> Exercise
Copy out the data word for word, without any of its pictures.

> Recorded data
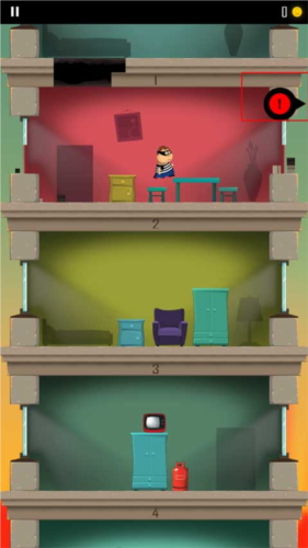 2、当老爸曾是小偷的角色不断跳跃的过程中,左右两边会出现这种红色感叹号,这表示导弹即将发射过来,你需要做的就是做好准备进行躲避。
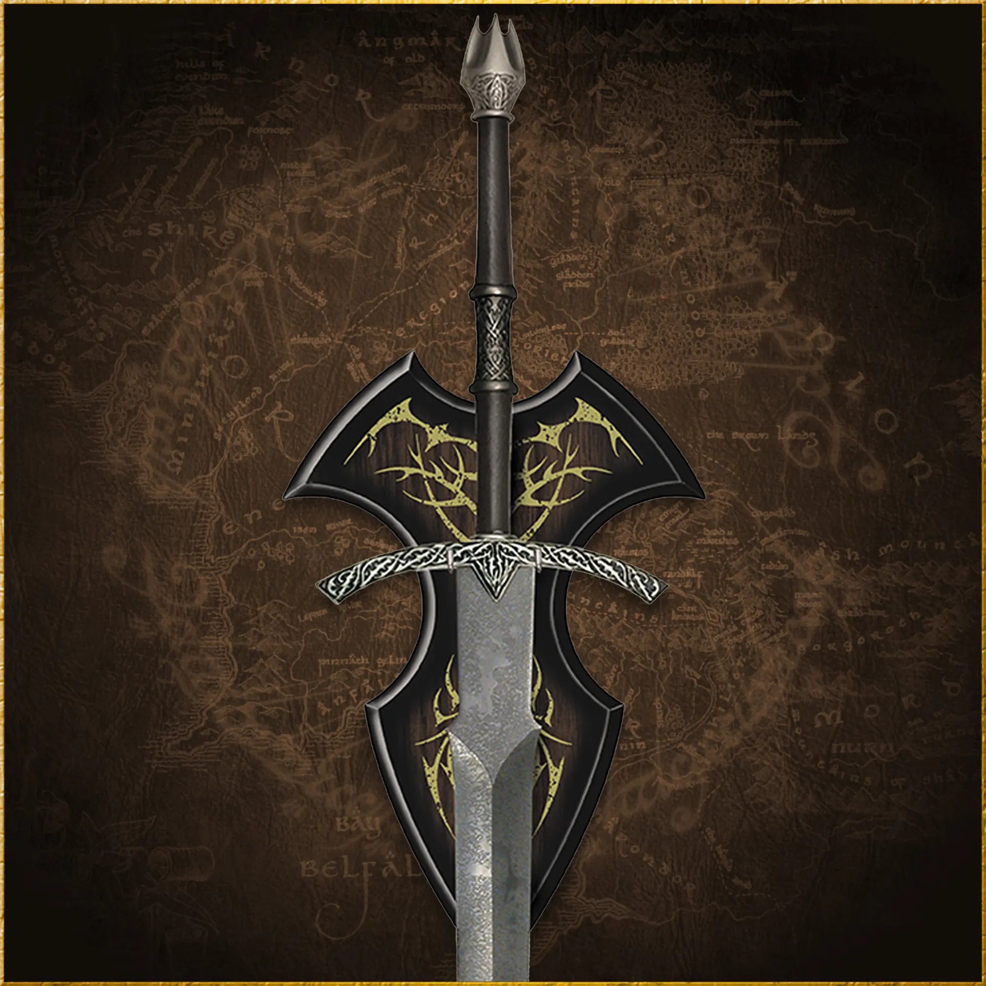 The Witch-king Sword carries with it the aura of dread that struck fear into the hearts of Middle-earth. Its long, dark blade paired with an ominous hilt reflects the unyielding might of the Ringwraiths. This officially licensed replica captures every detail, giving collectors a faithful reproduction of a weapon tied to some of the most memorable battles in Tolkien’s legendarium.
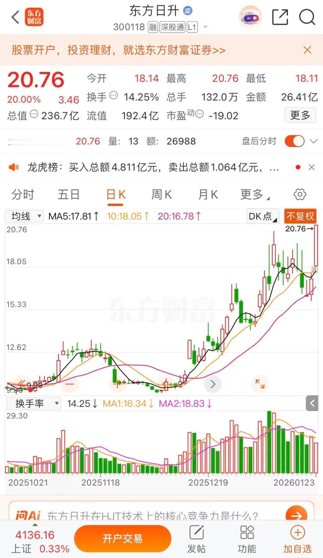马斯克力挺太空光伏,隆基绿能,东方日升那个是龙头隆基绿能涨停板收盘报收19.35元每股,成交金额93.94亿元。挺多在一个半板。东方日升涨停板收盘报收20.76元每股,成交金额26.41亿元,还是这个好,名字好,市值也好 才236.7亿元,东方日升升升升,500亿市值有望冲击。隆基绿能绿绿绿,不好,东方日升升这次估计上到30元每股。
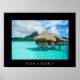 Affiche d'un bungalow en lune de miel au toit de chaume au-dessus de l'eau dans un resort dans la lagune turquoise et limpide de l'île tropicale Bora Bora avec vue sur le mont Otemanu près de Tahiti en Polynésie française avec une frontière noire et le texte : 'Bora Bora'. Superbe décoration sur votre mur !

> Response area
 2、当老爸曾是小偷的角色不断跳跃的过程中,左右两边会出现这种红色感叹号,这表示导弹即将发射过来,你需要做的就是做好准备进行躲避。
 The Witch-king Sword carries with it the aura of dread that struck fear into the hearts of Middle-earth. Its long, dark blade paired with an ominous hilt reflects the unyielding might of the Ringwraiths. This officially licensed replica captures every detail, giving collectors a faithful reproduction of a weapon tied to some of the most memorable battles in Tolkien’s legendarium.
马斯克力挺太空光伏,隆基绿能,东方日升那个是龙头隆基绿能涨停板收盘报收19.35元每股,成交金额93.94亿元。挺多在一个半板。东方日升涨停板收盘报收20.76元每股,成交金额26.41亿元,还是这个好,名字好,市值也好 才236.7亿元,东方日升升升升,500亿市值有望冲击。隆基绿能绿绿绿,不好,东方日升升这次估计上到30元每股。
 Affiche d'un bungalow en lune de miel au toit de chaume au-dessus de l'eau dans un resort dans la lagune turquoise et limpide de l'île tropicale Bora Bora avec vue sur le mont Otemanu près de Tahiti en Polynésie française avec une frontière noire et le texte : 'Bora Bora'. Superbe décoration sur votre mur !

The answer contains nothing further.